◆ TASK TO CARRY OUT:
Your copy should match the entries exactly, with no images carried over.

◆ WORKING DATA:

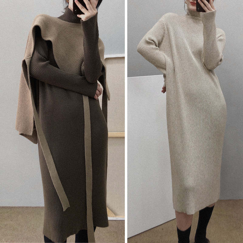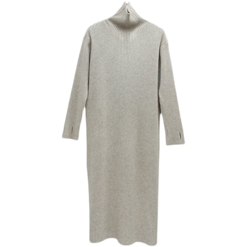 Трикотажное зимнее длинное базовое платье, свободный крой, средней длины
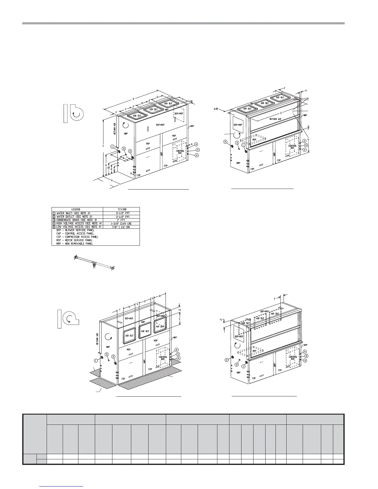 6. Overall cabinet height dimension does not include duct flange for top discharge
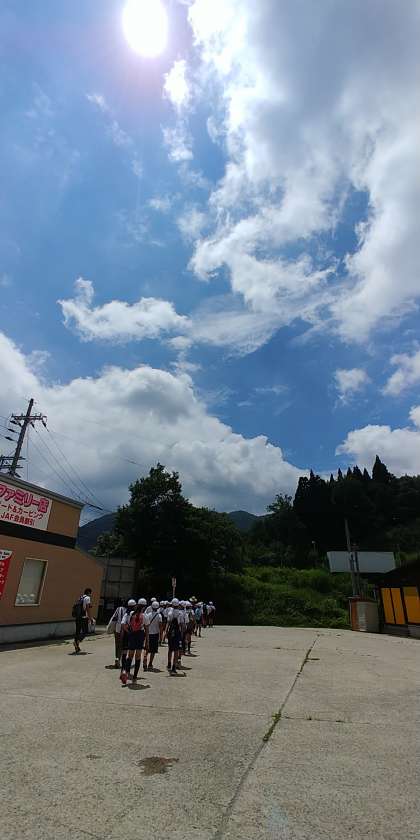 バスの中では雨にも降られ、心配していたお天気ですが、バスを降りると、なんとびっくり、真っ青な夏空が広がっていました。誰一人車酔いすることもなく、全員元気に到着しました。
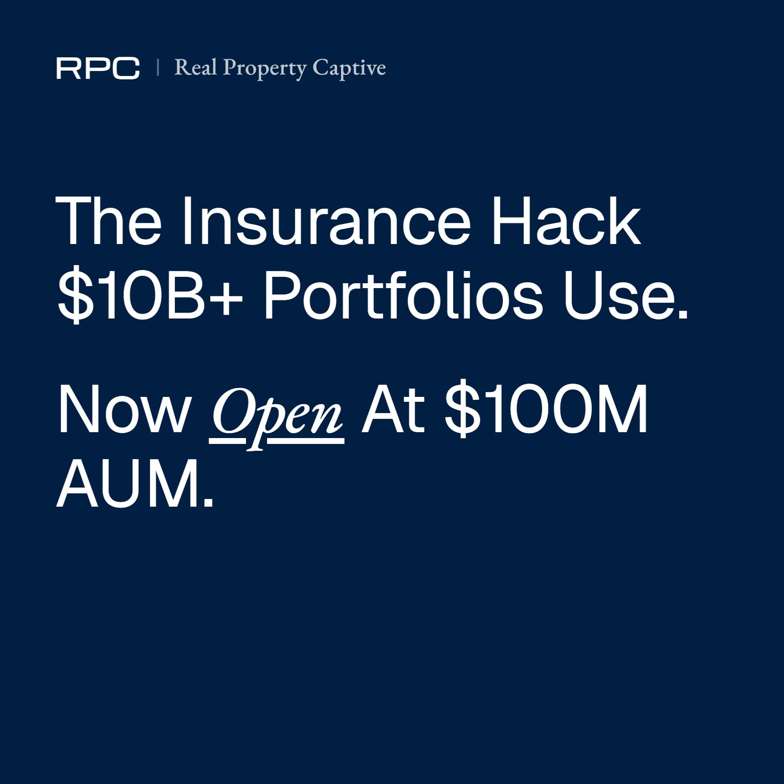 Real Property Captive opens the same lender-approved structure to portfolios between $100M and $2B—a first of its kind.
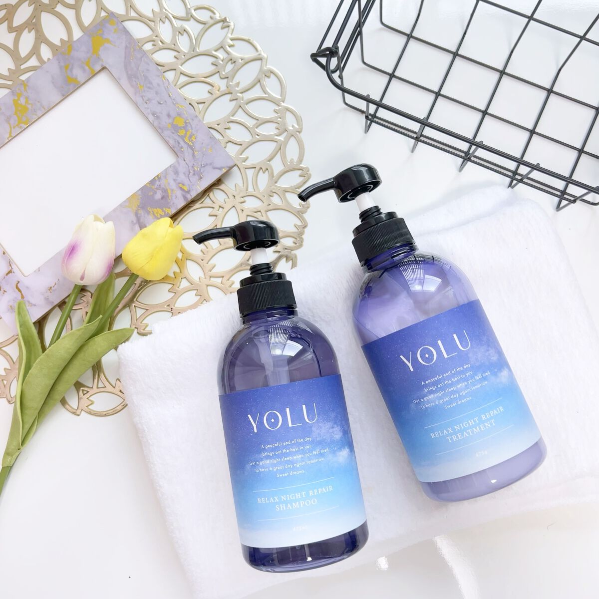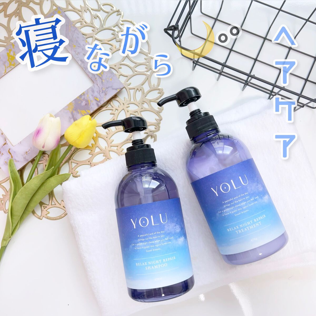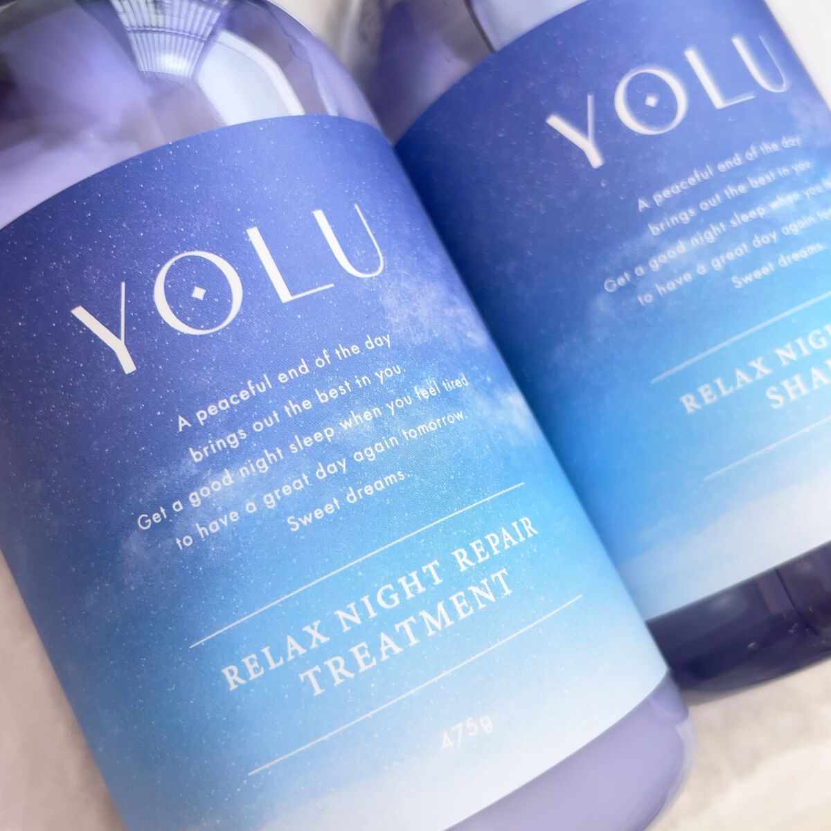 YOLU「リラックスナイトリペアシャンプー/トリートメント」✔️夜間美容でうねりをケアして※サラサラ髪へ導いてくれるそう✔️日中に受けた紫外線などによる地肌へのダメージ※1をケア。夜間の頭皮の乾燥を防いで、すこやかでうるおいのある状態をキープ...

◆ RESPONSE TO THIS EXERCISE:
 Трикотажное зимнее длинное базовое платье, свободный крой, средней длины
 6. Overall cabinet height dimension does not include duct flange for top discharge
 バスの中では雨にも降られ、心配していたお天気ですが、バスを降りると、なんとびっくり、真っ青な夏空が広がっていました。誰一人車酔いすることもなく、全員元気に到着しました。
 Real Property Captive opens the same lender-approved structure to portfolios between $100M and $2B—a first of its kind.
 YOLU「リラックスナイトリペアシャンプー/トリートメント」✔️夜間美容でうねりをケアして※サラサラ髪へ導いてくれるそう✔️日中に受けた紫外線などによる地肌へのダメージ※1をケア。夜間の頭皮の乾燥を防いで、すこやかでうるおいのある状態をキープ...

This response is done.